Cet article a pour but d’aborder diverses œuvres littéraires ayant traité la dualité beauté/laideur sur les plans psychologiques et physiques, dévoilant, entre autres, le catalogue de l’affreux qui forge encore l’imaginaire collectif des sociétés occidentales, mais aussi de dévoiler les retournements de situation. Car si nous sommes tous aptes à reconnaître le laid du beau ou du moins à dissocier ce qui appartient à chacun de nos critères (selon les normes communément acceptées), nous sommes bien souvent victime du laid caché sous le beau.
Achille, icône du beau et du bon
Lorsque l’on traverse les arts antiques, le portrait d’un idéal de beauté germe assez vite. Achille le roux (de par son impétuosité et sa passion) devient Achille le blond, icône d’un beau proprement grec mais fortement ancré dans la conception du beau, plus particulièrement masculin, des sociétés occidentales.
« Kalos Kagathos »
La société classique grecque, Ve siècle avant J.-C., propose une sorte de formule presque immuable. « Kalos » signifiant « beau », se rapproche des notions de « bon » et de « noble ». « Kagathos » signifie aussi à sa façon « bon » sans pour autant se montrer spécifiquement lié à l’esthétique corporelle. Est beau ce qui est bon. Le monde grec estime que la beauté extérieure se place comme reflet de la beauté de la psyché. Est beau ce qui rime avec bonté, sagesse et vertu. La laideur est alors une antithèse classique. Elle est fuie.

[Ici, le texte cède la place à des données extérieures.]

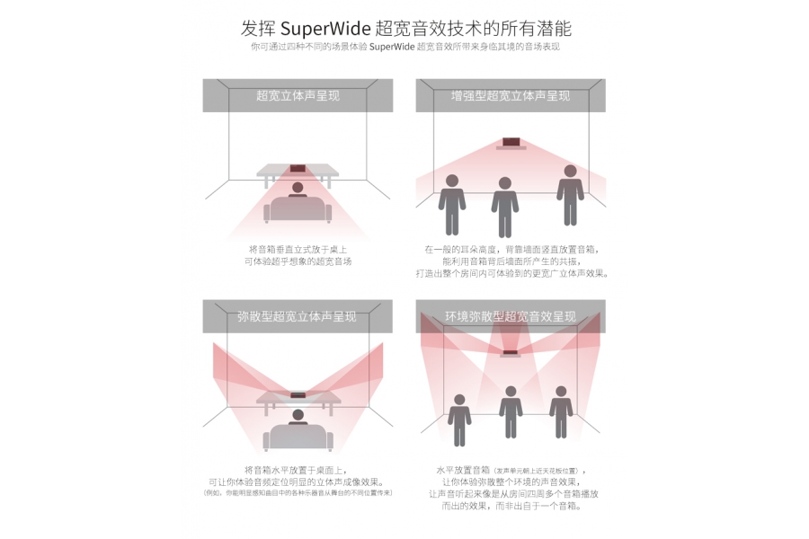 除了聲霸鑼系列標志性的ROAR鑼吼音效,聲霸鑼智能移動版還加入了SuperWide超寬音效技術。通過重復短按機身上的ROAR按鈕,可以在普通音效,鑼吼音效,SuperWide音效之間切換,EQUALIZER字樣下的藍燈亮起則表示SuperWide音效開啟。SuperWide音效根據擺放位置不同,產生的效果也有所不同,區別如上圖所示。聲霸鑼智能移動版也是聲霸鑼系列首款支持立放和平放兩種放置模式的藍牙音箱。

Achille incarne à sa manière toutes les qualités physiques comme psychologiques. Sa beauté physique est insurpassable. Même les plus beaux personnages d’Homère sont décrits comme « le plus beau après Achille ». Le héros est valeureux et courageux. Brave, il est destiné à apporter la victoire. Divin, car fils d’une nymphe, son qualificatif de demi-dieu vient l’auréoler d’une splendeur. Cependant, et l’article ne prendra pas le temps d’épiloguer plus sur le sujet, Achille est un personnage assez ambigu de la littérature homérique. Sentimental, tantôt fondant en larmes, tantôt pris de colère, il démontre d’une certaine fougue psychologique qui brise quelque peu le concept de « Kalos Kagathos », prouvant certainement les limites d’une telle définition. Peut-être aussi, souligne-t-il une beauté physique éclipsant les possibles défauts de l’âme.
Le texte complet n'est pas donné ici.